-- Material provided --
====
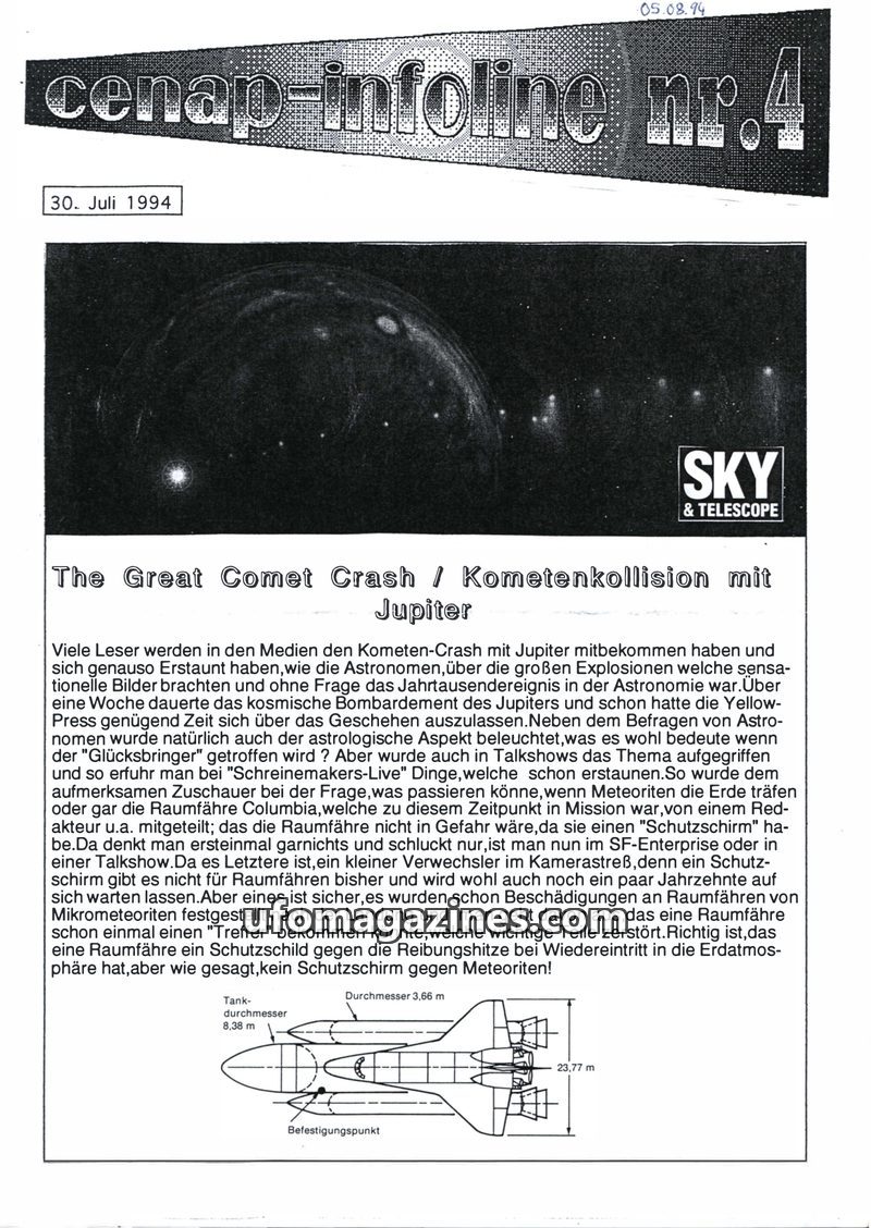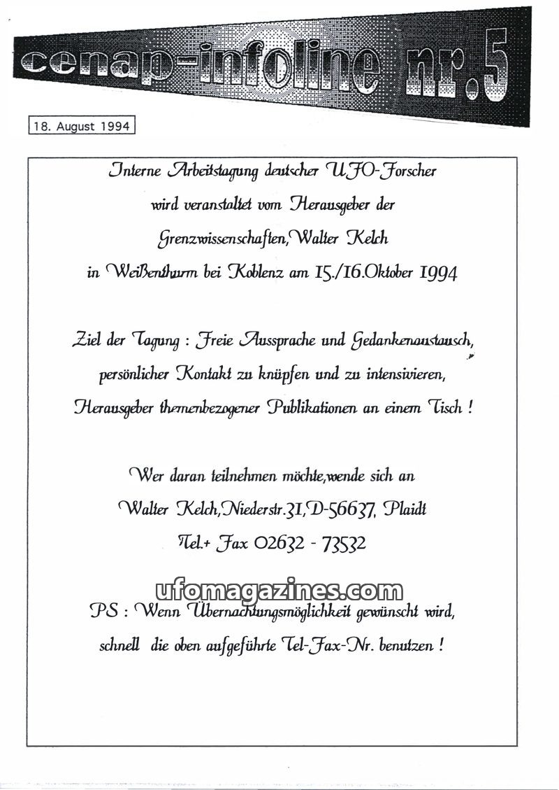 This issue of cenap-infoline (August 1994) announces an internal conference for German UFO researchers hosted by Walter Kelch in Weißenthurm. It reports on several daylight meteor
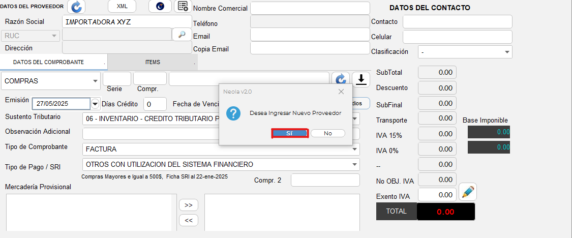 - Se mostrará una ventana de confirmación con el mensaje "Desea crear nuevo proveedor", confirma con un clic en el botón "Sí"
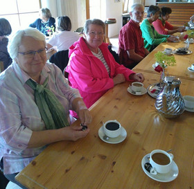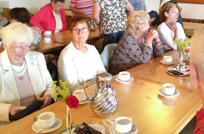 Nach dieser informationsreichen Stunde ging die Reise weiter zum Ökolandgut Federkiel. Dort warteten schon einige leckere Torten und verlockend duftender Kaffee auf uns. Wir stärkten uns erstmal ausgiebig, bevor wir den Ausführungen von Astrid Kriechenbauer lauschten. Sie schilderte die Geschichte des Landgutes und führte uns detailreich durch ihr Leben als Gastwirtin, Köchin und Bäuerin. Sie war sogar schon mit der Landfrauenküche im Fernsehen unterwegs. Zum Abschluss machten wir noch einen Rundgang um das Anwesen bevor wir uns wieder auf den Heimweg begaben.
====
-- Required action --
The response must repeat all the lines above exactly and include no pictures.

-- Exercise output --
 This issue of cenap-infoline (August 1994) announces an internal conference for German UFO researchers hosted by Walter Kelch in Weißenthurm. It reports on several daylight meteor
 - Se mostrará una ventana de confirmación con el mensaje "Desea crear nuevo proveedor", confirma con un clic en el botón "Sí"
 Nach dieser informationsreichen Stunde ging die Reise weiter zum Ökolandgut Federkiel. Dort warteten schon einige leckere Torten und verlockend duftender Kaffee auf uns. Wir stärkten uns erstmal ausgiebig, bevor wir den Ausführungen von Astrid Kriechenbauer lauschten. Sie schilderte die Geschichte des Landgutes und führte uns detailreich durch ihr Leben als Gastwirtin, Köchin und Bäuerin. Sie war sogar schon mit der Landfrauenküche im Fernsehen unterwegs. Zum Abschluss machten wir noch einen Rundgang um das Anwesen bevor wir uns wieder auf den Heimweg begaben.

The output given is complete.